Книга Дневник провинциальной дамы - Э. М. Делафилд
Шрифт:
Интервал:
Закладка:
Отказавшись от идеи с Библией, старая миссис Б. говорит, мол, дайте ей Шекспира. В его пьесах, взять хотя бы «Короля Лира», есть всё. Кузина Мод с привычным энтузиазмом соглашается (готова поспорить, что она не прочла ни словечка из «Короля Лира» с тех пор, как ее пичкали Шекспиром в Родене в перерывах между крикетом и хоккеем на траве).

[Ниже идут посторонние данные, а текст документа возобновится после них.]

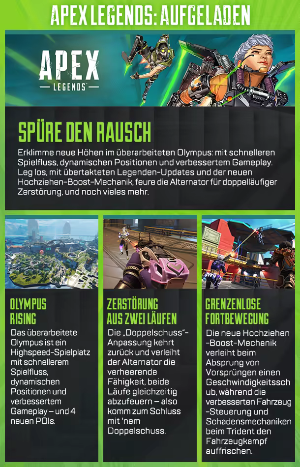 Apex Legends ist der preisgekrönte Free-to-Play Helden-Shooter von Respawn Entertainment. Meistere einen wachsenden Kader legendärer Charaktere mit mächtigen Fähigkeiten & erlebe das strategische Squadspiel und innovative Gameplay der nächsten Evolutionsstufe des Helden-Shooters & von Battle Royale.

Затрагиваем тему литературы в целом. Старая миссис Б. замечает, что многие из современных книг вообще не стоило бы публиковать, и зачем везде столько пишут про Плотскую Любовь? Кузина Мод говорит, что на книгах только пыль копится, и забирает безобидный номер «ВНЖ», которым старая миссис Б. явно утешалась в редких перерывах между тем, как ее запихивают в малыша-«остина» или выпихивают из него. Откланиваюсь. Старая миссис Б. (с которой явно вот-вот случится один из ее прежних Приступов, но кузина Мод тут же это пресекает) заключает меня в объятия, а кузина Мод в очень фамильярной и крайне обидной манере похлопывает по спине.
По пути домой меня обгоняет хорошо знакомый синий «бентли». Леди Б. грациозно машет рукой, велит шоферу остановиться и предлагает: «Садитесь, садитесь, ничего, что ботинки грязные». Чувствую себя пахарем. Леди Б. говорит, мол, наверняка меня, как всегда, привело в другой конец деревни очередное благое дело и как это очаровательно, что я неустанно предаюсь подобным занятиям день за днем! В ответ максимально отчетливо говорю, что вот-вот поеду на юг Франции, где буду отдыхать в компании выдающихся друзей. (Это почти правда, потому что Роуз обещала познакомить меня со многими интересными людьми, в том числе с виконтессой.)
Леди Б. выражает удивление и спрашивает, почему бы не поехать туда в самый благоприятный сезон. И почему не морем? Ходить под парусом так прекрасно! И вообще, почему Франция, а не Шотландия?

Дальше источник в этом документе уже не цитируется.